* _Required work_
Among the entries that follow, locate the line with "he condensation of" and the line with "焼肉の濃厚なタレとご飯のシン". Output those lines and all lines in between, exactly, minus the pictures.

* _Dataset_
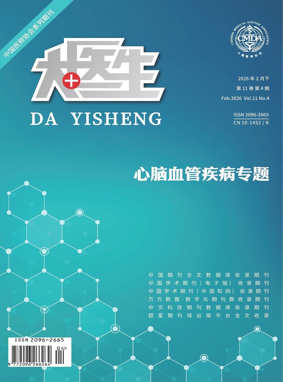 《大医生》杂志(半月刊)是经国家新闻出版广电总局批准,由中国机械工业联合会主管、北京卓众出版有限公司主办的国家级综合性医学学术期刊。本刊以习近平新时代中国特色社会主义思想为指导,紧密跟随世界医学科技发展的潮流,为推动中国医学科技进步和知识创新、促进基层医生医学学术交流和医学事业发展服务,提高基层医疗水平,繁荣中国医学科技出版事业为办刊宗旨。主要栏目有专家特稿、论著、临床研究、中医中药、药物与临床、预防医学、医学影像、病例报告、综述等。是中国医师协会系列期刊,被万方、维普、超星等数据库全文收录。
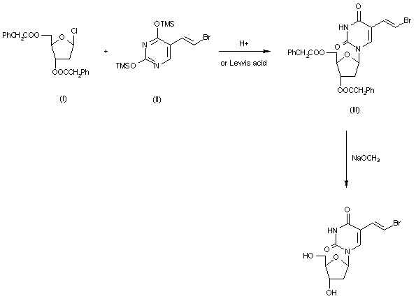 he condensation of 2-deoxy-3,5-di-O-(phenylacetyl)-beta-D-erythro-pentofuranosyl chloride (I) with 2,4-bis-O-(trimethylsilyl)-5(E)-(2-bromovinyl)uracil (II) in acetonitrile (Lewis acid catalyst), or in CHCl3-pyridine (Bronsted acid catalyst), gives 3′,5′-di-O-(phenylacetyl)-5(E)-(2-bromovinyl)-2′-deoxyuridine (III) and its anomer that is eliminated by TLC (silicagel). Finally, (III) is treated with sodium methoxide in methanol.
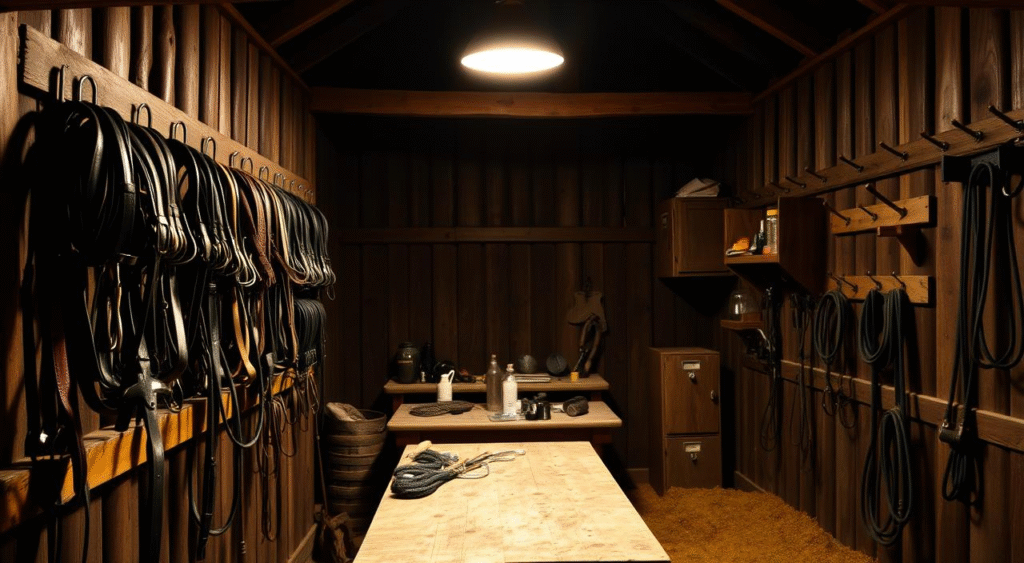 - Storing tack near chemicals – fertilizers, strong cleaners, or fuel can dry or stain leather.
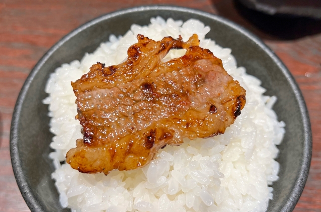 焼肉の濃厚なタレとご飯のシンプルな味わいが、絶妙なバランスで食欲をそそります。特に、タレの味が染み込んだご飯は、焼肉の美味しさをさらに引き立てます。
...
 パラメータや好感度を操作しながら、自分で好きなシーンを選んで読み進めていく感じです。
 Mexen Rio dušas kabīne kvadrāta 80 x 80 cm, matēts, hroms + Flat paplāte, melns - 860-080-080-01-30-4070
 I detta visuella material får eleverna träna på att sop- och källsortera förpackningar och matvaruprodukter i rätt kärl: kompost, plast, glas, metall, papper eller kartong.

* _Task solution_
 he condensation of 2-deoxy-3,5-di-O-(phenylacetyl)-beta-D-erythro-pentofuranosyl chloride (I) with 2,4-bis-O-(trimethylsilyl)-5(E)-(2-bromovinyl)uracil (II) in acetonitrile (Lewis acid catalyst), or in CHCl3-pyridine (Bronsted acid catalyst), gives 3′,5′-di-O-(phenylacetyl)-5(E)-(2-bromovinyl)-2′-deoxyuridine (III) and its anomer that is eliminated by TLC (silicagel). Finally, (III) is treated with sodium methoxide in methanol.
 - Storing tack near chemicals – fertilizers, strong cleaners, or fuel can dry or stain leather.
 焼肉の濃厚なタレとご飯のシンプルな味わいが、絶妙なバランスで食欲をそそります。特に、タレの味が染み込んだご飯は、焼肉の美味しさをさらに引き立てます。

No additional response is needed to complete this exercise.